Values are percentages (n/N) unless otherwise specified. An ARR threshold of 832 pmol/L per μg/L per hour (30 ng/dL per ng/mL per hour) is shown. For the purposes of standardization, supine aldosterone values below the assay limit of <69.4 pmol/L (2.5 ng/dL) were set at 69.4 pmol/L and supine PRA values below the assay limit of <0.1 μg/L per hour were set at 0.1 μg/L per hour; seated aldosterone values below the assay limit of <83.2 pmol/L (3.0 ng/dL) were set at 83.2 pmol/L and seated PRA values below the assay limit of <0.6 μg/L per hour were set at 0.6 μg/L per hour.
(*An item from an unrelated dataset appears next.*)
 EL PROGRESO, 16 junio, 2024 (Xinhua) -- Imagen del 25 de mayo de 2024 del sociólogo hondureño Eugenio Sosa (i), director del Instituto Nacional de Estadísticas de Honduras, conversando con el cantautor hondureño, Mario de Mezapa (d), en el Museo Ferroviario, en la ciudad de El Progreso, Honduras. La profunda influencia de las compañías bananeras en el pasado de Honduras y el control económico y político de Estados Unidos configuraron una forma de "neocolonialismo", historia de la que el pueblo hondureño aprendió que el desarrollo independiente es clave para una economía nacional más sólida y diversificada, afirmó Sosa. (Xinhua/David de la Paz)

There was a continuous relationship between the severity of renin-independent aldosterone production and biomarkers of mineralocorticoid activity and serum aldosterone (Table 4; Supplement Figure 6, available at Annals.org).
Table 4.
Change in Continuous Markers of Mineralocorticoid Receptor Activity Associated With a 5-μg Increase in 24-Hour Urinary Aldosterone Excretion
| Marker | Unadjusted | Adjusted | ||
|---|---|---|---|---|
| Point Estimate (95% CI) | P Value | Point Estimate (95% CI) | P Value | |
| Serum aldosterone level, pmol/L | 53.1 (46.7 to 59.5) | <0.001 | 43.7 (37.8 to 49.6)* | <0.001 |
| Urinary potassium-sodium ratio | 0.018 (0.014 to 0.023) | <0.001 | 0.018 (0.013 to 0.022)* | <0.001 |
| Serum potassium level, mmol/L | −0.049 (−0.066 to −0.031) | <0.001 | −0.040 (−0.059 to −0.021)* | <0.001 |
| Systolic blood pressure, mm Hg† | 5.2 (3.7 to 6.7) | <0.001 | 3.1 (1.6 to 4.5)‡ | <0.001 |
| Diastolic blood pressure, mm Hg† | 2.6 (1.7 to 3.5) | <0.001 | 1.5 (0.7 to 2.4)‡ | <0.001 |
Multivariable model covariates were age, body mass index, race, sex, history of diabetes mellitus, study site, and 24-h urinary sodium excretion.
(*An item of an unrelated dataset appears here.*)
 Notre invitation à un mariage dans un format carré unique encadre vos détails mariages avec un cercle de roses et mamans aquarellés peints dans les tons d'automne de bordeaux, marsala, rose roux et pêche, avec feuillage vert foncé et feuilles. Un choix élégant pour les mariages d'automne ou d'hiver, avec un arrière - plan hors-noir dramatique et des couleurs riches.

Analyses were done in participants who were assessed while not receiving any antihypertensive medications; the treated resistant hypertensive subpopulation was not included in these analyses.
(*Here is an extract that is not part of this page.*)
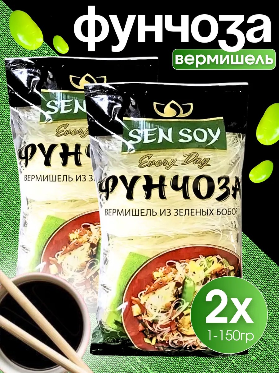 Фунчоза Сенсой из зеленых бобов - это премиальная стеклянная, из зеленых бобов лапша быстрого приготовления. Ее по достоинству оценят ценители макарон и вермишели. Фунчоза Sen Soy легкая в приготовлении. Лапша не содержит глютена и отлично подойдет для людей с непереносимостью глютена, а также для диетического питания и для вегетарианцев, ее можно есть в Пост. Стеклянная Фунчоза сен сой имеет легкий вкус и прекрасно сочетается с мясом, курицей, рыбой, морепродуктами, овощами, а также ее можно добавлять в салат и сочетать с разничными соусами. Вермишель Фунчоза не требует варки, достаточно просто опустить ее в горячую воду и подождать 10 минут. Бобовая стеклянная вермишель подойдет в качестве гарнира к блюдам азиатской кухни.
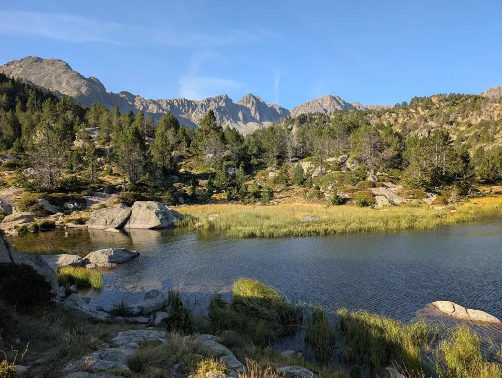 2. Tag: Zum Pas de les VaquesDirekt in Soldeu beginnt ein kleiner, von Rhododendren umsäumter Bergpfad. Wir wandern durch einen schattigen Kiefernwald und über alpine Wiesen bis zum kristallklaren Bergsee von Siscaró. Nach einer Rast steigen wir hinauf zum Pas de les Vaques (Pass der Kühe), der uns herrliche Blicke auf den See und die Bergkulisse Andorras bietet. Mit etwas Glück sehen wir auch Gämsen und Murmeltiere (GZ: 6 Std., +/- 750 m).

Multivariable model covariates were age, body mass index, race, sex, history of diabetes mellitus, study site, and urinary potassium–sodium ratio.
Discussion
We show a pervasive spectrum of renin-independent aldosterone production that parallels the severity of human hypertension and correlates with biomarkers of mineralocorticoid receptor activation. These findings indicate a highly prevalent pathologic continuum of renin-independent aldosteronism that extends, or redefines, the classic concept of primary aldosteronism as a “secondary” cause of hypertension. By applying established diagnostic thresholds to this continuum, we found the estimated prevalence of primary aldosteronism to be much higher than conventionally considered in every blood pressure category, providing a stark contrast to the fact that primary aldosteronism is currently rarely diagnosed, even among high-risk populations with resistant hypertension or hypokalemia (4–7). Our results also highlight the fact that the conventional approach of requiring an arbitrarily “high” ARR and circulating aldosterone level to screen for potential cases of primary aldosteronism is insensitive and likely contributes to underdiagnosis. Collectively, these findings show that primary aldosteronism may be a common and unrecognized “primary” cause of hypertensive disease and progression.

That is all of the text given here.